━━━━━ Data supplied

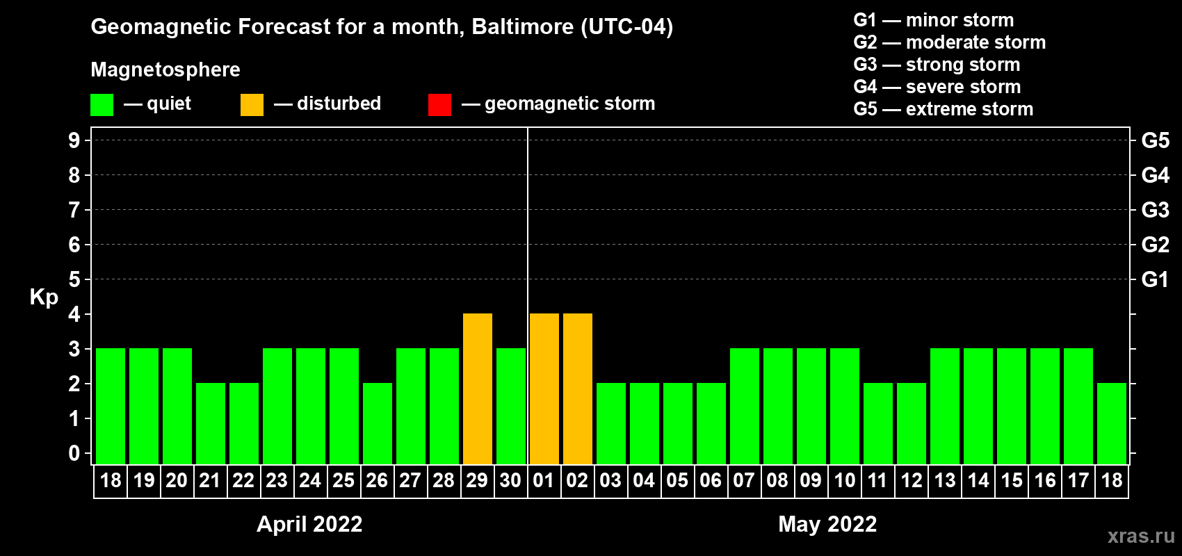 Geomagnetic storm forecast in Baltimore for Apr 18, 2022
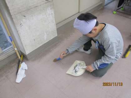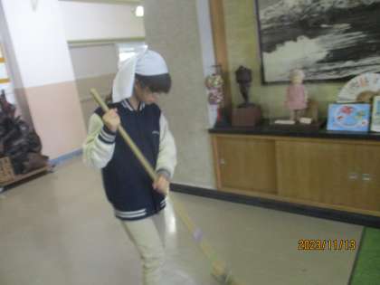 月曜日の朝は、朝清掃の時間です。子供たち、がんばっています。
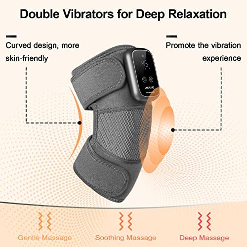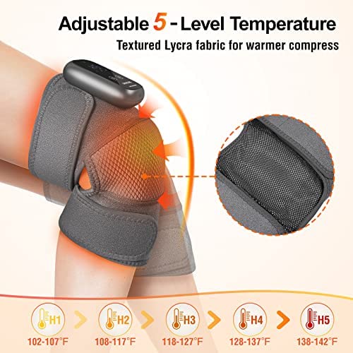 【HEATING MASSAGE】Heating knee pads provide adjustable 5 speed heating settings, fast heating, which are more functional than similar products on the market; Provides 3 modes of compression vibrating function, two powerful massage motors; Relieve joint cold, joint meniscus pain and swelling, arthritis, sports injuries, knee pain and stiffness, accelerate injury recovery.
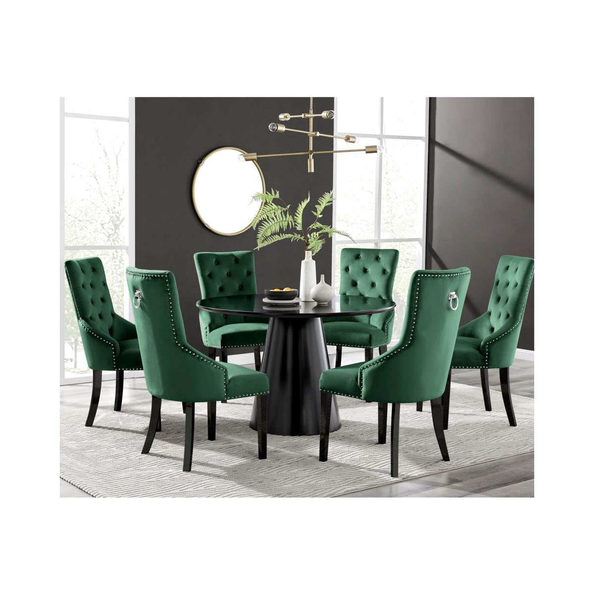 Our stunning Palma table is a round dining table with a large statement tapered central pillar. It's a minimalist post-modern dream! The perfect balance of round and straight lines an uncluttered and elegant dining table solution that will be a real talking point in any modern dining room. Black is still the new black when it comes to this table. Attention-grabbing without stealing ALL the limelight. Pair with some bold colours and metallic bursts in your chairs accessories to really make this pop, or keep it chic and simple with some understated tones. Comfortably sits 4 - 6 and is constructed from wood composite with a luxury high-gloss finish. This table is easy to keep clean, durable and will stay gorgeous for years to come. Also available in other colours. The Belgravia knocker chair is the ultimate in dining chair opulence with its scoop back design that allows you and your guests to lean back and feel supported by the wrap-around arms. Stylish Chesterfield-inspired button tufting and diamond stitching add to the modern chic look. The design gives us straight lines and soft padded curves contemporary and comfortable. The thick filled seat cushion is supportive and comfortable and is complemented by the silky velvet fabric. These ultra-modern chairs have subtle chrome button detailing along the trim of the seat and around the back of the chair which compliments beautifully with the black legs. The highlight of the Belgravia chair is the chrome knocker on the back of the chair which is a popular feature for both modern and traditional dining rooms. Anyone for a lovely dinner party or some cocktails sat in one of these! We're in love!
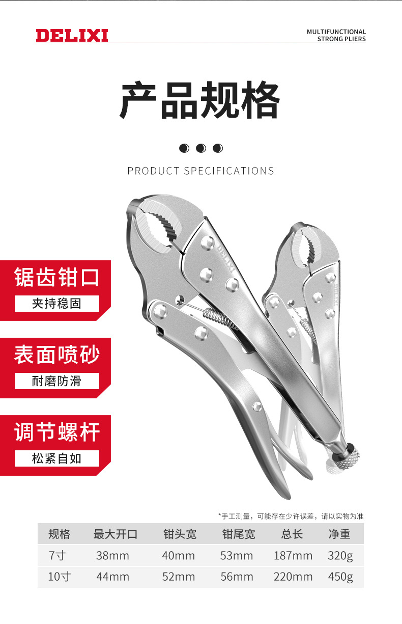 Delixi Dali 플라이어 렌치 다기능 압력 플라이어 클램프 고정 된 수도관 펜치 하드웨어 도구
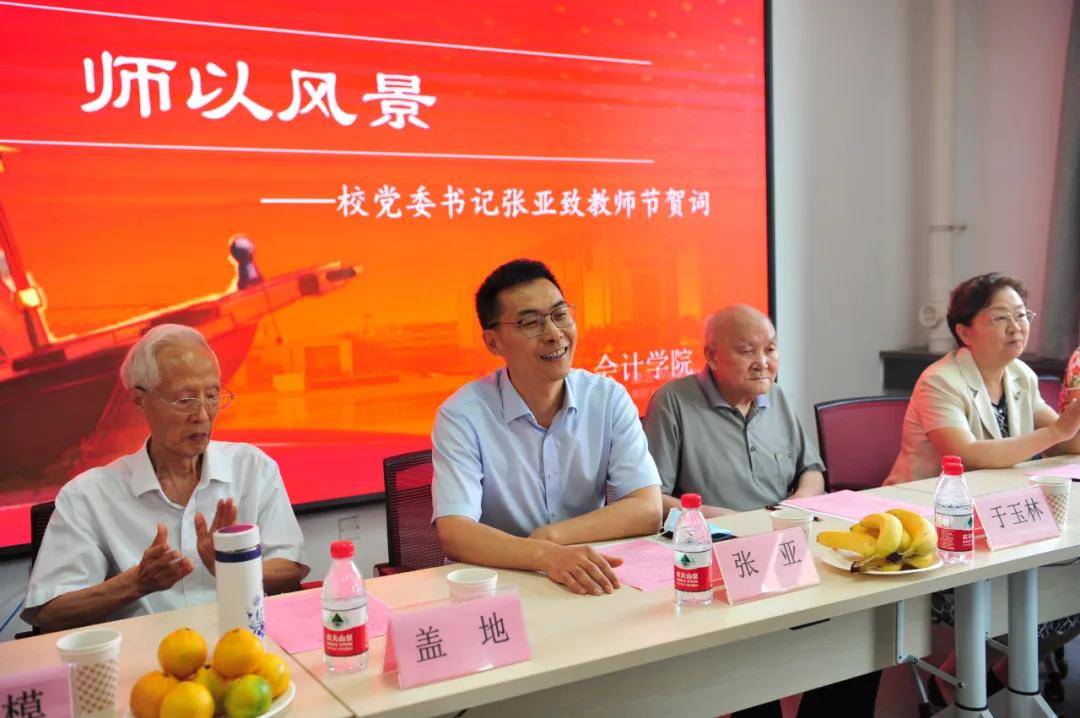 校党委书记张亚对会计学院和全校的教师致以节日的祝贺和问候!他在致词中指出,教师肩负着党的嘱托、时代的重任、人民的期盼,要弘扬高尚师德,加强能力建设,落实立德树人根本任务。教师做学生为学、为人、为事的典范,做合格的“大先生”,要坚守道德的底线、追求学术研究的高线。张亚书记还以精准翔实的数据分析了会计学院的现状,言谈话语间,表达了对学院教师的鼓励,也对新入职的教师提出了殷切的希望。
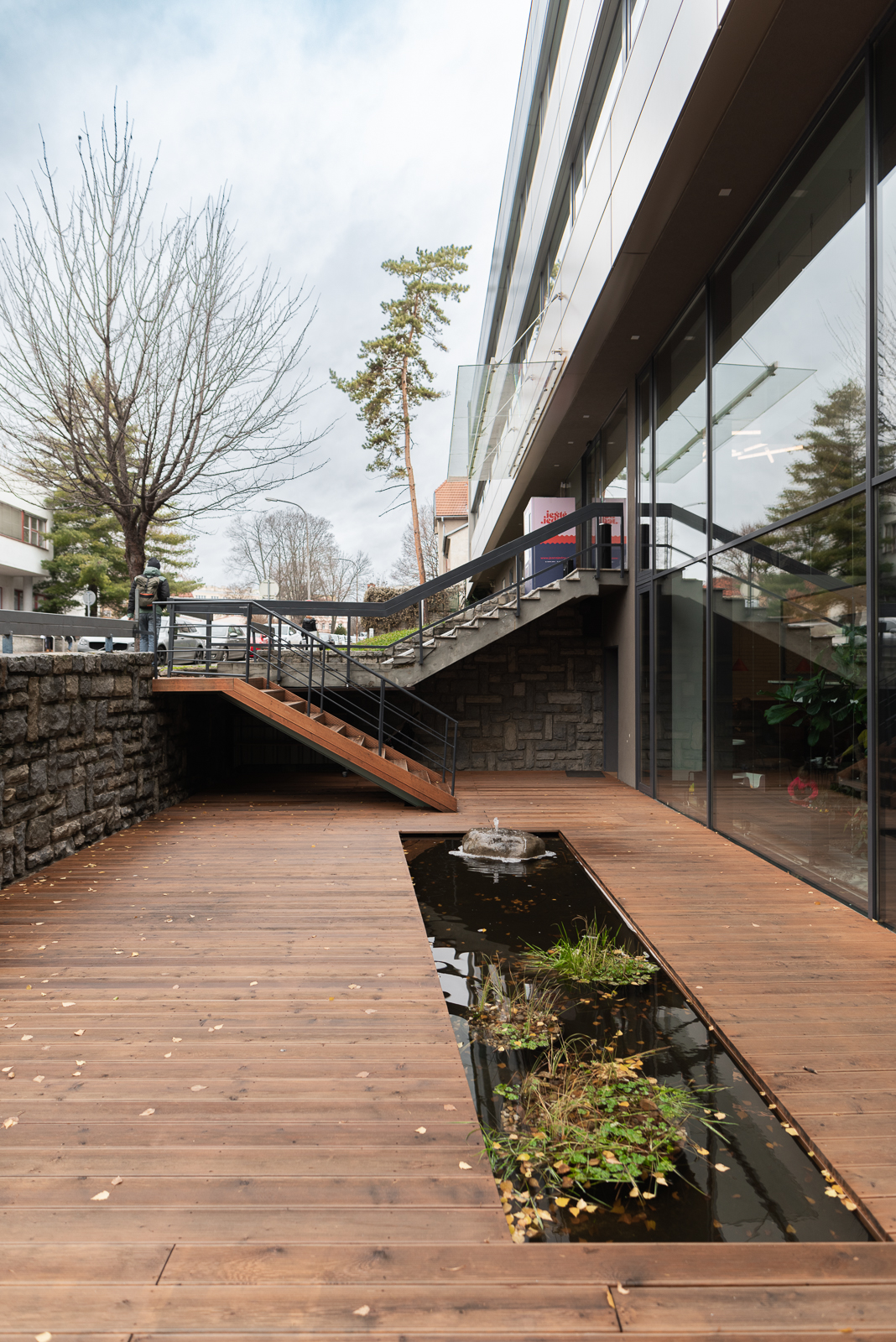 Architekti dále pozměnili dispozice ve spodním patře, kde propojili zázemí a také vytvořili novou místnost pro cowork. Společně s úpravou interiéru je nově zprovozněný i vstup přes zahrádku nacházející se pod úrovní ulice. Zahrádka prošla kompletní kultivací, a to jak její povrch, tak jezírko. Rozbitý beton nahradila dřevěná prkna, jezírko je teď plně funkční a osázené vodními rostlinami.
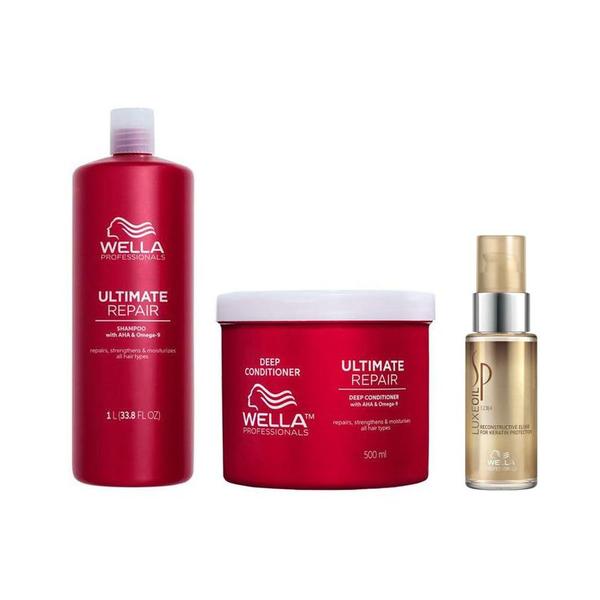 Pachet Reparator pentru Par Deteriorat - Wella Professionals Ultimate Repair: Sampon 1000 ml + Balsam 500 ml + Ulei Reconstructiv 30 ml:
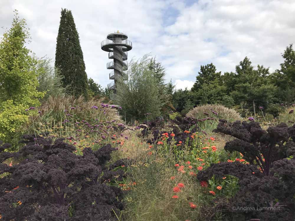 Ob der vertikale Garten an der Hauswand am Eingang, der rote Grünkohl oder die als Laube geschnittenen Buchenhecken – hier zeigen die Gärtner der Region, was sie drauf haben. Und das ist eine ganze Menge. Wer siche inen Überblick verschaffen möchte, klettert auf den Aussichtsturm. Ansonsten einfach durchgehen, staunen, schnuppern und genießen. Einmalig ist die Rhododendrenpracht im Park der Gärten, Menschen kommen im Frühjahr von weit her, um die Blüten zu bestaunen.
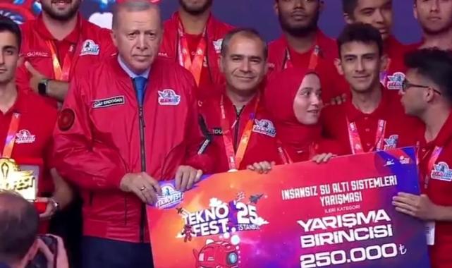 İSTANBUL (İGFA) - Sanayi ve Teknoloji Bakanlığı ile Türkiye Teknoloji Takımı (T3) Vakfı tarafından organize edilen Teknofest 2025’e, 81 il ve 96 ülkeden 565 bin takım ve 1 milyon 200 bin yarışmacı katıldı. Cumhurbaşkanı Recep Tayyip Erdoğan, 13’üncüsü düzenlenen Teknofest 2025 İstanbul’un açılışında yaptığı konuşmada, gençlerin coşkusunun kendisini umutlandırdığını belirtti. Cumhurbaşkanı Erdoğan, 64 farklı yarışmada finale kalan 13 bin yarışmacıyı kutlayarak, ödül kazanan takımların başarılarının devamını diledi. Jüri üyeleriyle titiz değerlendirmeleri için teşekkür eden Erdoğan, festivalin düzenlenmesinde emeği geçen Sanayi ve Teknoloji Bakanlığı, T3 Vakfı ve tüm paydaşlara teşekkür etti. Teknofest'in gençlerin teknoloji ve inovasyonla buluşmasının en güzel örneği olduğunu kaydeden Cumhurbaşkanı Erdoğan, "Bu coşku, Türkiye’nin geleceğine ışık tutuyor. Şunu bir defa öncelikle söylemek isterim. Buradaki atmosfer, siz gençlerimizin heyecanı, beni farklı bir ruh iklimine götürüyor" dedi. T3 Vakfı Başkanı ve Teknofest yönetimi adına Selçuk Bayraktar, Cumhurbaşkanı Erdoğan'a günün anısına plaket takdimi sonrasında, yönetici ve katılımcı bakanlarla birlikte Teknofest pozu verdi.

━━━━━━━━━━

#### Required action:
All of the entries above must be reproduced exactly, and no image may be included.

#### Completed task:
 Geomagnetic storm forecast in Baltimore for Apr 18, 2022
 月曜日の朝は、朝清掃の時間です。子供たち、がんばっています。
 【HEATING MASSAGE】Heating knee pads provide adjustable 5 speed heating settings, fast heating, which are more functional than similar products on the market; Provides 3 modes of compression vibrating function, two powerful massage motors; Relieve joint cold, joint meniscus pain and swelling, arthritis, sports injuries, knee pain and stiffness, accelerate injury recovery.
 Our stunning Palma table is a round dining table with a large statement tapered central pillar. It's a minimalist post-modern dream! The perfect balance of round and straight lines an uncluttered and elegant dining table solution that will be a real talking point in any modern dining room. Black is still the new black when it comes to this table. Attention-grabbing without stealing ALL the limelight. Pair with some bold colours and metallic bursts in your chairs accessories to really make this pop, or keep it chic and simple with some understated tones. Comfortably sits 4 - 6 and is constructed from wood composite with a luxury high-gloss finish. This table is easy to keep clean, durable and will stay gorgeous for years to come. Also available in other colours. The Belgravia knocker chair is the ultimate in dining chair opulence with its scoop back design that allows you and your guests to lean back and feel supported by the wrap-around arms. Stylish Chesterfield-inspired button tufting and diamond stitching add to the modern chic look. The design gives us straight lines and soft padded curves contemporary and comfortable. The thick filled seat cushion is supportive and comfortable and is complemented by the silky velvet fabric. These ultra-modern chairs have subtle chrome button detailing along the trim of the seat and around the back of the chair which compliments beautifully with the black legs. The highlight of the Belgravia chair is the chrome knocker on the back of the chair which is a popular feature for both modern and traditional dining rooms. Anyone for a lovely dinner party or some cocktails sat in one of these! We're in love!
 Delixi Dali 플라이어 렌치 다기능 압력 플라이어 클램프 고정 된 수도관 펜치 하드웨어 도구
 校党委书记张亚对会计学院和全校的教师致以节日的祝贺和问候!他在致词中指出,教师肩负着党的嘱托、时代的重任、人民的期盼,要弘扬高尚师德,加强能力建设,落实立德树人根本任务。教师做学生为学、为人、为事的典范,做合格的“大先生”,要坚守道德的底线、追求学术研究的高线。张亚书记还以精准翔实的数据分析了会计学院的现状,言谈话语间,表达了对学院教师的鼓励,也对新入职的教师提出了殷切的希望。
 Architekti dále pozměnili dispozice ve spodním patře, kde propojili zázemí a také vytvořili novou místnost pro cowork. Společně s úpravou interiéru je nově zprovozněný i vstup přes zahrádku nacházející se pod úrovní ulice. Zahrádka prošla kompletní kultivací, a to jak její povrch, tak jezírko. Rozbitý beton nahradila dřevěná prkna, jezírko je teď plně funkční a osázené vodními rostlinami.
 Pachet Reparator pentru Par Deteriorat - Wella Professionals Ultimate Repair: Sampon 1000 ml + Balsam 500 ml + Ulei Reconstructiv 30 ml:
 Ob der vertikale Garten an der Hauswand am Eingang, der rote Grünkohl oder die als Laube geschnittenen Buchenhecken – hier zeigen die Gärtner der Region, was sie drauf haben. Und das ist eine ganze Menge. Wer siche inen Überblick verschaffen möchte, klettert auf den Aussichtsturm. Ansonsten einfach durchgehen, staunen, schnuppern und genießen. Einmalig ist die Rhododendrenpracht im Park der Gärten, Menschen kommen im Frühjahr von weit her, um die Blüten zu bestaunen.
 İSTANBUL (İGFA) - Sanayi ve Teknoloji Bakanlığı ile Türkiye Teknoloji Takımı (T3) Vakfı tarafından organize edilen Teknofest 2025’e, 81 il ve 96 ülkeden 565 bin takım ve 1 milyon 200 bin yarışmacı katıldı. Cumhurbaşkanı Recep Tayyip Erdoğan, 13’üncüsü düzenlenen Teknofest 2025 İstanbul’un açılışında yaptığı konuşmada, gençlerin coşkusunun kendisini umutlandırdığını belirtti. Cumhurbaşkanı Erdoğan, 64 farklı yarışmada finale kalan 13 bin yarışmacıyı kutlayarak, ödül kazanan takımların başarılarının devamını diledi. Jüri üyeleriyle titiz değerlendirmeleri için teşekkür eden Erdoğan, festivalin düzenlenmesinde emeği geçen Sanayi ve Teknoloji Bakanlığı, T3 Vakfı ve tüm paydaşlara teşekkür etti. Teknofest'in gençlerin teknoloji ve inovasyonla buluşmasının en güzel örneği olduğunu kaydeden Cumhurbaşkanı Erdoğan, "Bu coşku, Türkiye’nin geleceğine ışık tutuyor. Şunu bir defa öncelikle söylemek isterim. Buradaki atmosfer, siz gençlerimizin heyecanı, beni farklı bir ruh iklimine götürüyor" dedi. T3 Vakfı Başkanı ve Teknofest yönetimi adına Selçuk Bayraktar, Cumhurbaşkanı Erdoğan'a günün anısına plaket takdimi sonrasında, yönetici ve katılımcı bakanlarla birlikte Teknofest pozu verdi.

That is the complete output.